Counterclockwise: Wireless charging came first, but fast charging via cable is more popular



The Palm Pre was ahead of its time – introducing the mobile world to wireless charging. Unfortunately, despite all its innovations, the phone has not caught up. In fact, manufacturers would ignore wireless charging until 2013 when they started to operate the device more actively.

The "fast" charging with cable was born relatively late in the game – 2014. There is no fixed definition of the term, so we count phones that can go beyond the 10 watts provided by simple USB.

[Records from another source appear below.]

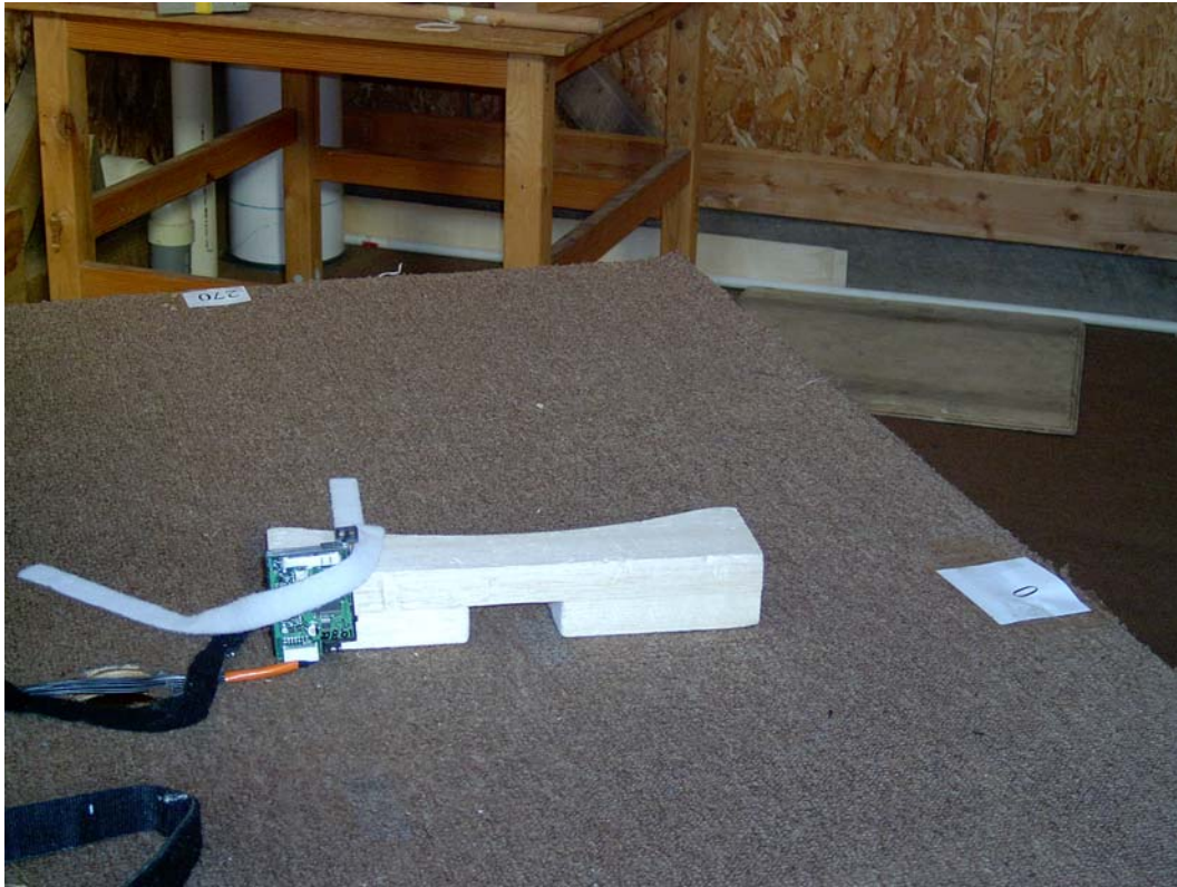
Test Setup - Turntable

Radiated Emissions measurements presented in the report were made in accordance with ANSI C63.4 Figure 9(c). The EUT was placed on a 1 x 1.5m non-metallic table elevated 80cm above a conducting ground plane. The harness was run to the long edge of the table and dropped to a power supply sitting at base of the table.
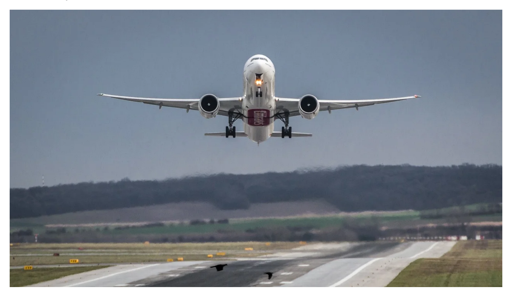
Giorno 5: Departure
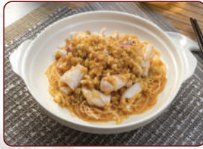
201 蒜香牛油鲜鱿 Stir-Fried Squid with Garlic Butter $17.80
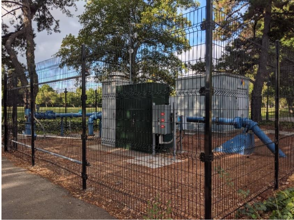
Figure 1: Well 17 at Rengstorff Park
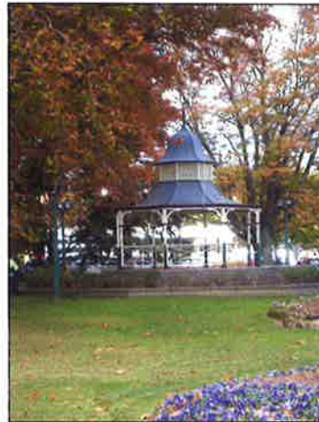
2010 - Rotunda, built 1996

Production of this booklet kindly sponsored by the Springett Family Printing supported by Hypercett Printing, Mittagong
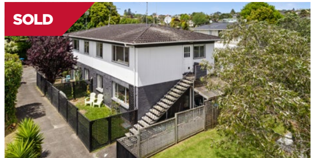
SOLD Meadowbank/Auckland 2/31 Gowing Drive

This freestanding, 1980s, brick and tile home provides easy single level living - perfect for first home buyers, downsizers or investors. Well presented and situated in a quiet enclave, the property is set back from the road.
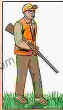
Elbow or Side Carry
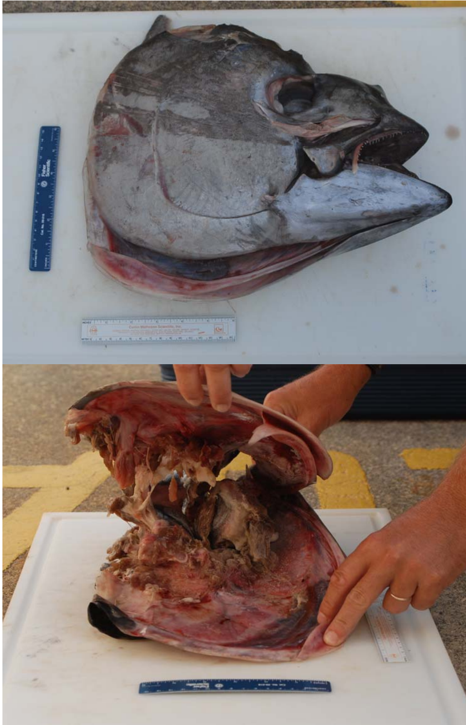
Photographs of tuna heads showing evidence of depredation by pilot whales.

We've already recorded the battle between wireless charging standards. Spoiler: Qi from the Wireless Power Consortium finally came out victorious. On the wired front, there were two early players.

  Sony Xperia Z2
  HTC One (M8)
  Xiaomi Mi 4
  Oppo Find 7

Sony Xperia Z2 • HTC One (M8) • Xiaomi Mi 4 • Oppo Find 7

Qualcomm introduced Quick Charge 2.0 with its Snapdragon 800 chipset (and other family chips). It was based on up to 18 watts, although 15 watts were by far the more popular option (still today). Phones like the Sony Xperia Z2, the HTC One (M8), the LG G4 and the Xiaomi Mi 4 were among the first to feature QC2.0.

In the other corner was the Oppo Find 7, the first phone with VOOC charging that ran at 20W. Impressive for the beginning of 2014, considering that some of today's most expensive flagships are only up to 15W (we look at you, Apple and Samsung).

Despite an early start, charging wireless material was slowly gaining popularity. As you can see in the table below, fast charging via cable has quickly overtaken and is used today by the most popular phones.

Of course, flagship ships today often offer both wireless and fast charging, but that's a relatively new development that started last year. The fast wireless charging has also gained traction. We did not include it in the chart because there really is only one relevant data point, but since this year, the most popular mobile phones with wireless charging can go above 10W.

Huawei and Samsung lead the charge to 15W of fast wireless charging, although the Galaxy maker lags behind in terms of wired charging speeds (25W vs. 40W). These two devices are also among the first to implement wireless reverse charging (Huawei with the Mate 20 Pro last year, Samsung with the Galaxy S10 this year).

In fact, some brands share technologies (like Oppo, vivo, and OnePlus, as with Huawei and Honor), the standards for fast wired charging are pretty much broken. The USB-IF tries to put everyone under the USB Power Delivery banner, but the only notable success so far is the compatible Quick Charge 4.0+.

In the end, this competition seems to have been a good thing – the WPC Qi Charging was almost unchallenged (as the PMA competition started to explode quickly), charging the wireless store was slow.